BEGIN Stored data

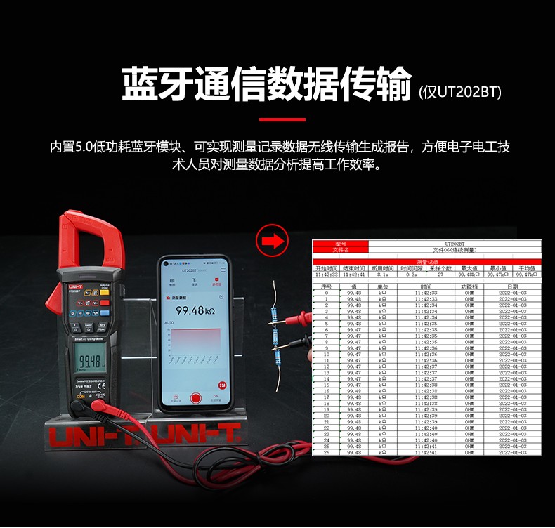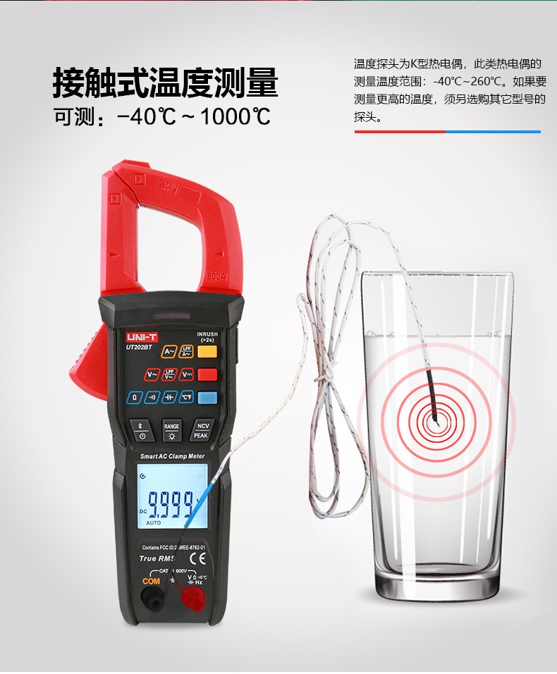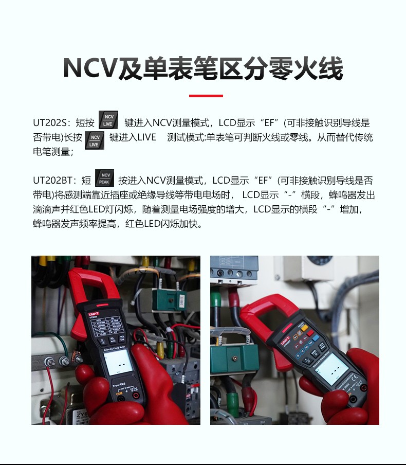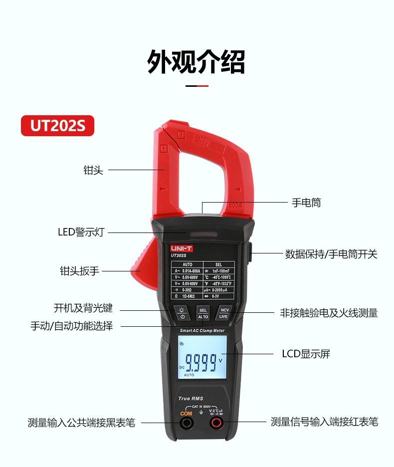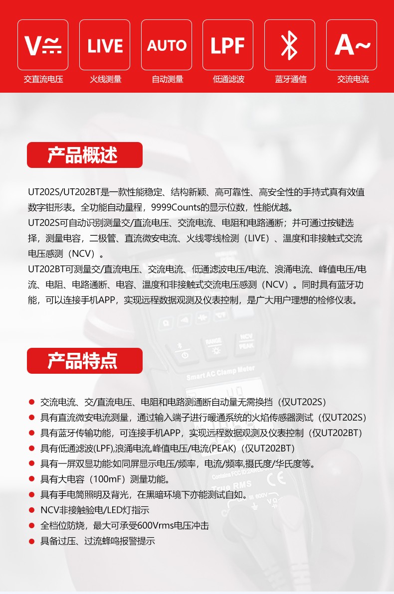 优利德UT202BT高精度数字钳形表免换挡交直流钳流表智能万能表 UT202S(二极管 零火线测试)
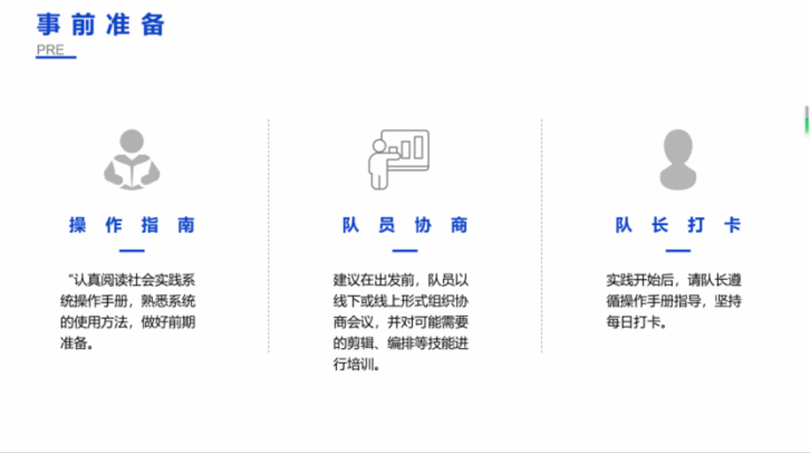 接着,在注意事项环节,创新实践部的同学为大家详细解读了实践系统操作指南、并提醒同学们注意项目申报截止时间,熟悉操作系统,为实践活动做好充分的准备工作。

END Stored data
BEGIN Stored data

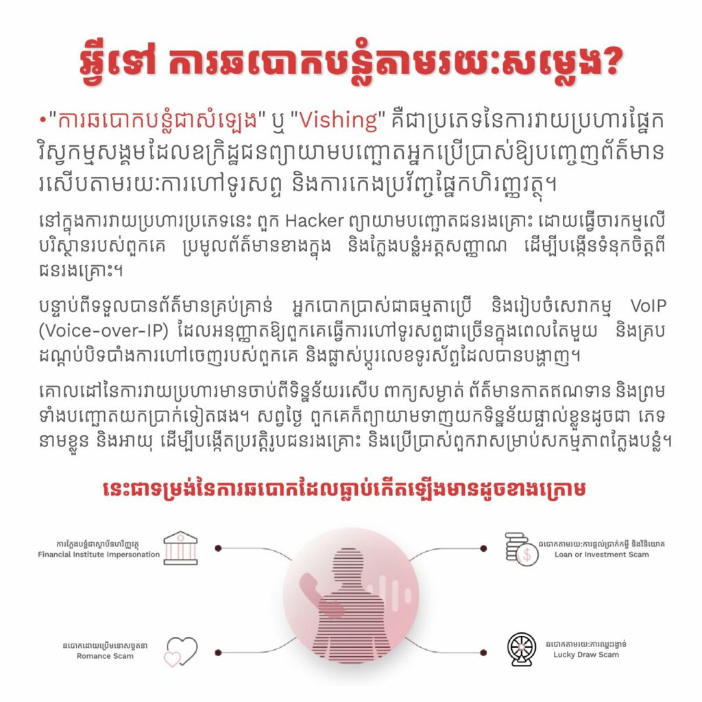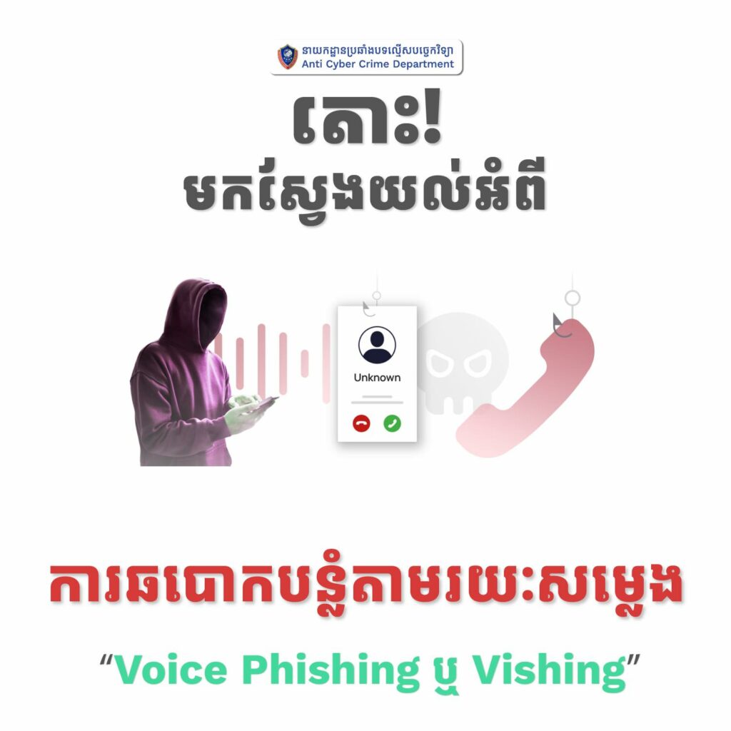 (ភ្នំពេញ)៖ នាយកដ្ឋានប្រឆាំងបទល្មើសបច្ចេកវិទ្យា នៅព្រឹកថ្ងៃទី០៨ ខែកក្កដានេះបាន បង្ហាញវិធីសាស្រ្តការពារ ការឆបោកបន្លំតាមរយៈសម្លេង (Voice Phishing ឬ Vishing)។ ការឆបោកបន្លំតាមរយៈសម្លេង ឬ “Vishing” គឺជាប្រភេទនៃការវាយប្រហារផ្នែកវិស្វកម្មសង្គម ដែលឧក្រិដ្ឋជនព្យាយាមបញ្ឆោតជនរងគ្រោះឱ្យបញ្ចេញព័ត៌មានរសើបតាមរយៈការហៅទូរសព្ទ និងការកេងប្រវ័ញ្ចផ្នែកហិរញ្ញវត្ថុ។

END Stored data

_Your assignment_. The material above holds pictures; leave them out and set down exactly the lines from the line with "优利德UT202BT高精度数字钳形表免换挡交直流钳流表智能万能表 UT202S(二极管 零火线测试)" to the line with "接着,在注意事项环节,创新实", both included.

_Response box_.
 优利德UT202BT高精度数字钳形表免换挡交直流钳流表智能万能表 UT202S(二极管 零火线测试)
 接着,在注意事项环节,创新实践部的同学为大家详细解读了实践系统操作指南、并提醒同学们注意项目申报截止时间,熟悉操作系统,为实践活动做好充分的准备工作。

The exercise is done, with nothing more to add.